Lesbian Bedrooms

Lesbian Bedrooms II

When I began to photograph lesbians in their bedrooms, my interest was fairly uncomplicated. I was concerned with exposing the “lesbian bedroom” as nothing more than a bedroom of a lesbian. I wanted to “normalize” the intimacy that passed between lesbians and look at the fullness of that life through a private window into a mundane scene. I made Lesbian Bedrooms (I). 

Then I transitioned. I no longer had the visual signifiers of lesbianism. My baby face hardened, my shoulders broadened, and my voice deepened. My lesbian identity became an emotional one, a political one, one I had to explain with words instead of relying on my faux-hawk and baggy jeans. The idea of what a lesbian in a bedroom looked like was a lot more complicated than I had thought, and I was pulled to revisit the series. I wanted to look beyond my own transmasculine perspective to see other lesbian-identified people existing in the margins of visibility — who feel partially or wholly translucent. Lesbian invisibility became the new cornerstone of the project.
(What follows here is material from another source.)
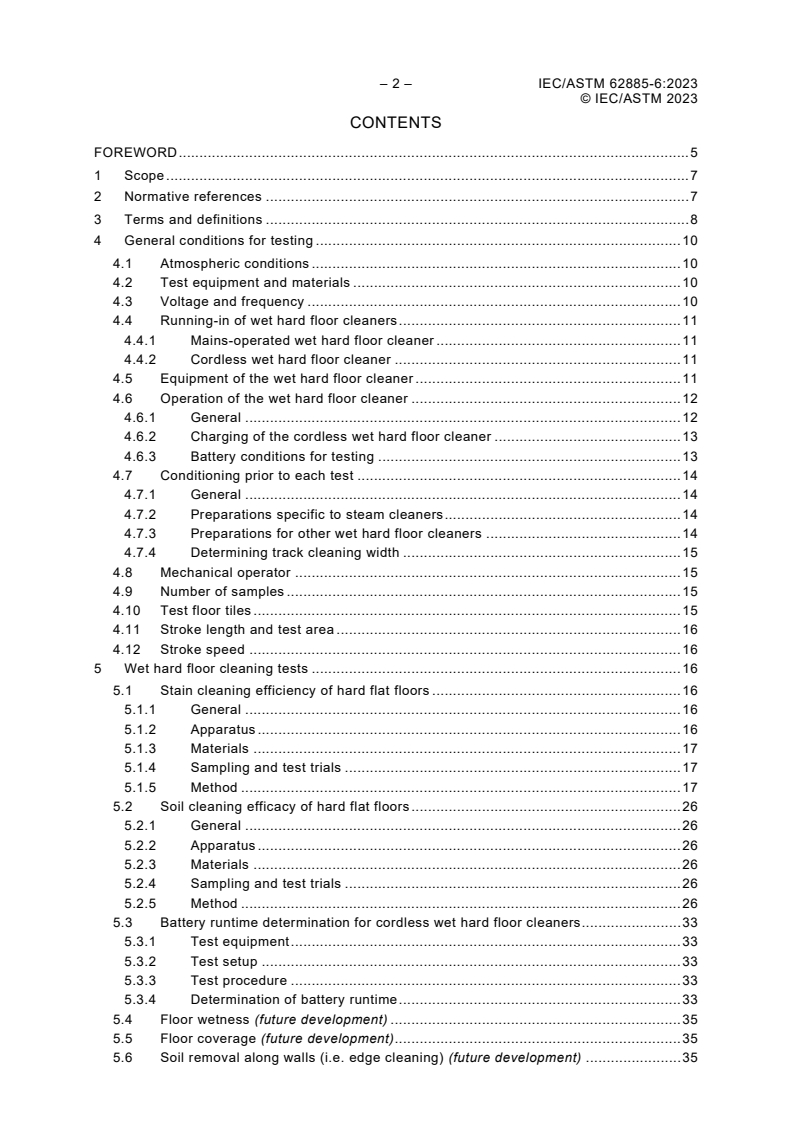IEC/ASTM 62885-6:2023 is a standard published by the International Electrotechnical Commission (IEC). Its full title is "Surface cleaning appliances - Part 6: Wet hard floor cleaning appliances for household or similar use - Methods for measuring the performance". This standard covers: IEC/ASTM 62885-6:2023 is applicable for measurements of the performance of mains-operated and cordless wet hard floor cleaning appliances for household or similar use. In the case of appliances with combined functionality, this document only addresses the wet cleaning functionality. The purpose of this document is to specify essential performance characteristics of wet hard floor cleaning appliances that are of interest to users and to describe methods for measuring these characteristics. This document is not intended for cleaning appliances according to IEC 60335-2-79 and robotic wet hard floor cleaning appliances. For safety requirements, reference is made to IEC 60335-1, IEC 60335-2-2, IEC 60335-2-10, and IEC 60335-2-54. This second edition cancels and replaces the first edition published in 2018. This edition constitutes a technical revision. This edition includes the following significant technical changes with respect to the previous edition: a) Expanded the Scope to include cordless cleaners. b) Changed definition for "cleaning width" to "track cleaning width" in 3.7 and provided instructions for determining "track cleaning width" in 4.7.4. c) Changed "runtime" definition to "battery runtime" in 3.22. d) Added IKW soil instructions, and also a penalty factor calculation with correction examples for products designed with cleaning gaps to section 5.1 "Stain cleaning efficiency of hard flat floors". e) Retitled 5.2 "Dirt pickup test" to "Soil cleaning efficacy of hard flat floors" and added comprehensive instructions for executing the method. f) Added section 5.3 "Battery runtime" procedure patterned after IEC 62885-4 cordless standard. g) Modified Test soils in 7.2.2. to add IKW and Akzo-Nobel soils. The content of the corrigendum 1 (2024-11) has been included in this copy.

A traditional notion of lesbian identity is so rooted in this idea of “women-born-women-loving-women”, and for me that became a problem. For so many of us, that is a problem. My lesbian identity is about a personal history of womanhood, a greater history of feminism, and of celebrating and identifying with women. My lesbian identity is not so much a sexual orientation, but a political one. It’s about what I stand for, and who I stand with. 

Femme cis women are consistantly denied their lesbian agency. Trans women are ridiculed and rejected from lesbain spaces. Trans men are expected to surrender their lesbian histories in exchange for their self-actualized futures.

With Lesbian Bedrooms II, I wanted to shake the hegemonic definition of lesbianism to see what would fall out. What happens when viewers are presented with images of people who are not immediately recognizable as lesbians, but are defined as such by the body of work? What happens if you don’t look like what you say you are? Is lesbianism a transmutable identity?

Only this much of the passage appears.